Update the handling of named pipes and sockets to be consistent with
other platforms with regard to the rdev attribute. While all ZFS
ipmlementations store the rdev for device files in a system attribute
(SA), this is not the case for FIFOs and sockets. Indeed, Linux always
passes rdev=0 to mknod() for FIFOs and sockets, so the value is not
needed. Add an ASSERT that rdev==0 for FIFOs and sockets to detect if
the expected behavior ever changes.
Closes#216
The direct reclaim path in the z_wr_* threads must be disabled
to ensure forward progress is always maintained for txg processing.
This ensures that a txg will never get stuck waiting on itself
because it entered the following memory reclaim callpath.
->prune_icache()->dispose_list()->zpl_clear_inode()->zfs_inactive()

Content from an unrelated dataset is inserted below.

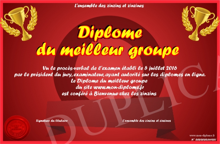 Envoyez par email votre Diplôme du meilleur groupe personalisé

->dmu_tx_assign()->dmu_tx_wait()->tgx_wait_open()
It would be preferable to target this exact code path but the
kernel offers no way to do this without custom patches. To avoid
this we are forced to disable all reclaim for these threads. It
should not be necessary to do this for other other z_* threads
because they will not hold a txg open.
Closes#232
It has become necessary to be able to optionally disable
direct memory reclaim for certain taskqs. To support
this the TASKQ_NORECLAIM flags has been added which sets
the PF_MEMALLOC bit for all threads in the taskq.